La Corte Suprema de la Gran Bretaña resolvió este miércoles a favor de la extradición del fundador de Wikileaks, Julian Assange, a Suecia, donde es requerido por delitos de abuso sexual.

 

Sin embargo, gracias a un tecnicismo legal, el traslado de Assange a Estocolmo se ha detenido por lo menos dos semanas más.

 

La Corte británica debía resolver si el fiscal general de Suecia era una autoridad judicial competente para solicitar la extradición.
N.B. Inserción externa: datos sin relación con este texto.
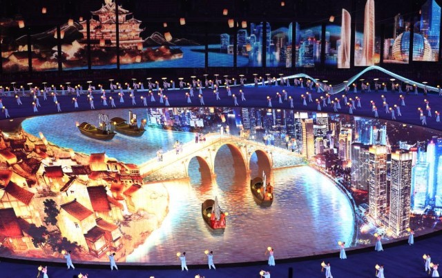 开幕式现场出现了杭州拱宸桥的形象。始建于1631年的拱宸桥,是京杭大运河南端的标志性建筑。2014年6月,中国大运河成功申报世界文化遗产,拱宸桥作为运河水工建筑,成为一处遗产点。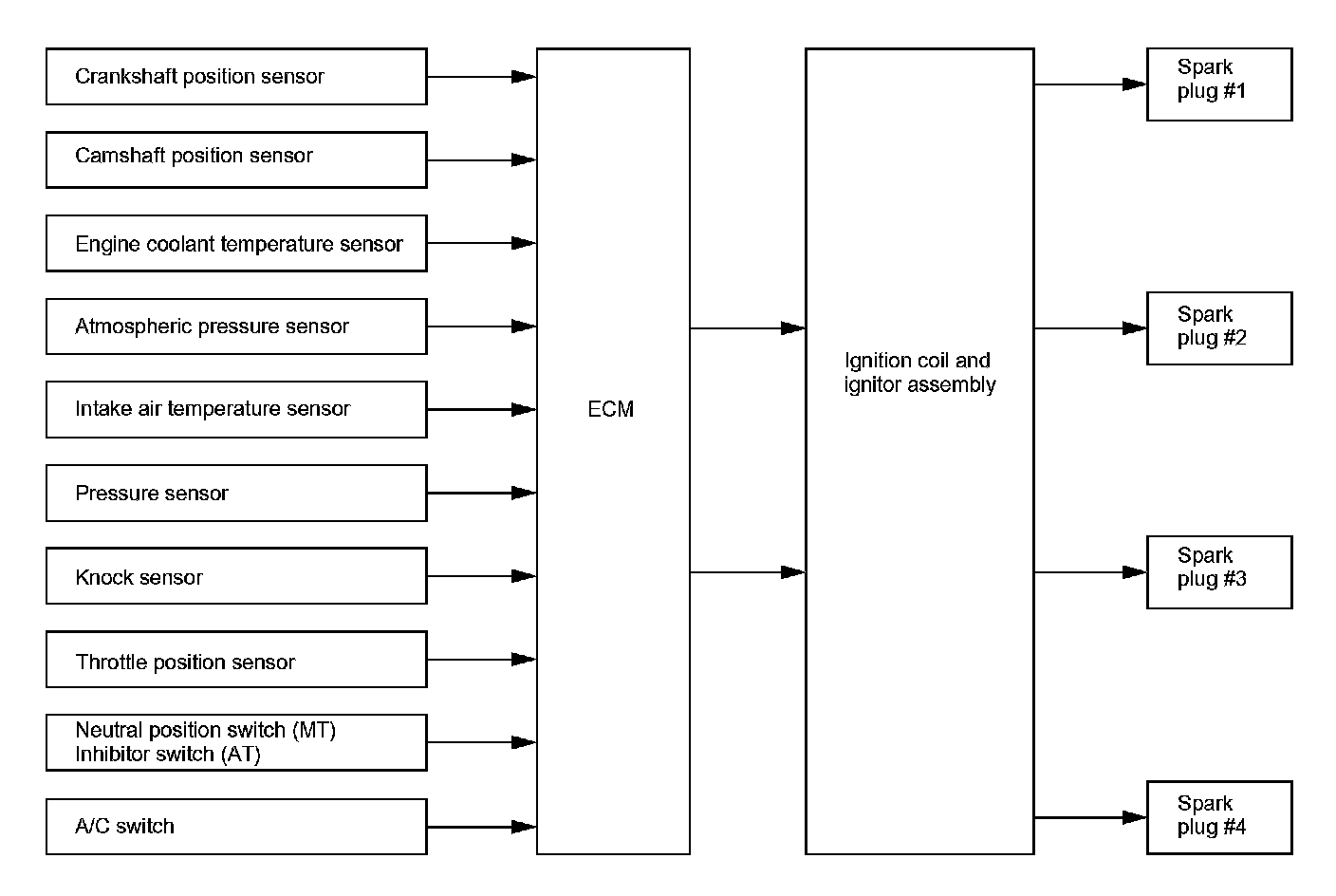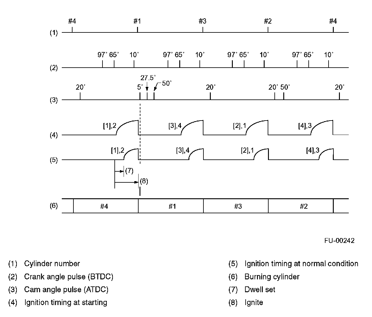 - Ignition control during start-up Engine speed fluctuates during start of the engine, so the ECM cannot control the ignition timing. During that period, the ignition timing is fixed at 10 ° BTDC by using the 10 ° signal from the crankshaft position sensor.

Por votación de cinco a favor y dos en contra, la Corte determinó que el fiscal era una autoridad competente para solicitar la extradición y por tanto se trataba de un proceso legal.

 

Una abogada de Julian Assange, sin embargo, solicitó un período de dos semanas antes de la extradición porque señaló que la Corte había resuelto sobre un tema que no había sido planteado por ninguna de las dos partes, la fiscalía sueca y la defensa, y que se refería a la interpretación que bajo la Convención de Viena se da a la frase de “autoridad judicial”.

 

Los abogados de Assange llevaron el caso de la extradición ante la Corte basados en que de acuerdo con las leyes británicas las solicitudes de extradición tienen que ser solicitadas por un juez y no por un fiscal. Argumentaron que ello violaba sus derechos puesto que la extradición era solicitada por la misma persona que presentaba la acusación en su contra.

 

Se trata de una maniobra que de acuerdo con expertos en derecho británico tiene pocas posibilidades de éxito, pero que otorga a Assange más tiempo para retrasar su extradición a Suecia.

 

Con este nuevo argumento, el equipo de abogados defensores de Julian Assange tiene siete días para apelar esta decisión ante la Corte Europea de Derechos Humanos, aunque se considera muy poco probable que este tribunal se pronuncie en contra de la extradición.

 

Julian Assange se encuentra luchando la extradición a Suecia pues se ha dado a conocer que los Estados Unidos han preparado ya un caso en su contra para acusarlo de espionaje por la filtración de documentos confidenciales. De acuerdo con esta información, filtrada por Wikileaks, si Assange fuera extraditado a Estados Unidos, ya sea de Gran Bretaña, Suecia o su nativa Australia, podría enfrentar acusaciones con penas de cadena perpetua en una prisión de máxima seguridad.

 

Pese a que cuenta con varios seguidores, a medida que pasa el tiempo las opciones de Julian Assange para evadir su encuentro con el Departamento de Justicia de los Estados Unidos se cierran, tanto desde el punto de vista legal como económico pues ha tenido que hacer grandes erogaciones para pagar su defensa y no está recibiendo ganancias pues empresas de cobro en línea han cerrado sus operaciones con Wikileaks.